Whereas the Australian government hates Qantas for grounding the airline earlier this year, in the US the company is admired for attempting to become competitive without bankruptcy.

American is the last major US airline to enter Chapter 11 bankruptcy protection, underlining the cost pressures of the global aviation market that Qantas Airways has better managed.

"I think Qantas has been a lot smarter, seeking those regional codeshare kinds of alliances that allow them to tailor to the market flow at the time,” Frost & Sullivan aerospace and defence industry manager Wayne Plucker tells Business Spectator.

"That's something American can't do, short of parking the airplanes.”

The reason why American is so stuck is that its costs are so out of whack with its rivals.
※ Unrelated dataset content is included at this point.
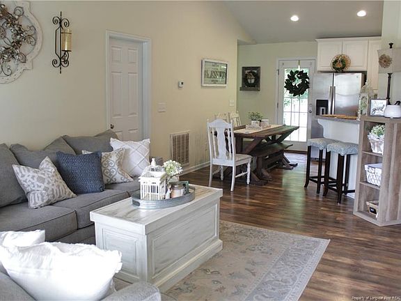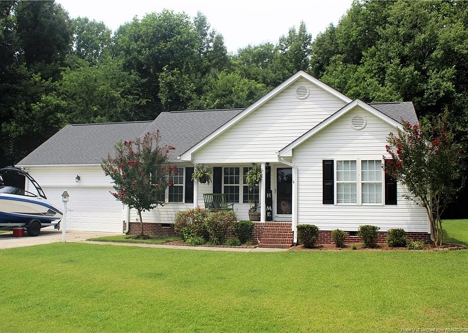 Charming 3 bedroom 2 bath split floor plan home on just under an acre located in a quiet cul-de-sac between Sanford and Lillington in a one street neighborhood. Rocking chair front porch for those lazy evenings. Country charm kitchen with shiplap backsplash, breakfast bar, stainless appliances and open to living room with laminate floors. Spacious & private backyard. Large 2 car garage. HVAC just 1 year old. Hurry! this wont last long.
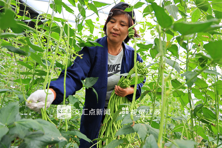 9月17日,連云港市海州區的江蘇農墾崗埠農場,種植戶在溫室大棚里采收成熟的豇豆,準備供應市場銷售。徐衛  攝  視覺江蘇網供圖

Plucker says that its pilots are paid 10-20 per cent more than other US carriers, while flight attendants collect and extra 5-10 per cent and mechanics also receive more than the industry average.

While Qantas enjoys a profitable domestic arm, American has watched its bread and butter routes between New York, LAX and San Francisco slide into unprofitability thanks principally to labour costs.

"The airline has been using companies like Skywest and Comair to pick up a lot of those regional routes,” says Plucker. "Originally they did it with the idea of taking them back when they returned to profitability, the reality is they're never going to get them back at this point.”

It means that international alliances are to some extent useless because there's no point feeding foreign travellers into a network that's not profitable. This illustrates why Qantas will fight Virgin Australia hard domestically to retain its current position, particularly in the business market. As American shows, if it fails the consequences will be dire. American wages have to come down and workers have to be more flexible if the carrier, once the biggest and best organised US carrier, is to have any meaningful future.

The US Transport Workers Union has been campaigning for an American merger because it believes a deal holds the best chance of preserving some of the excessive wages.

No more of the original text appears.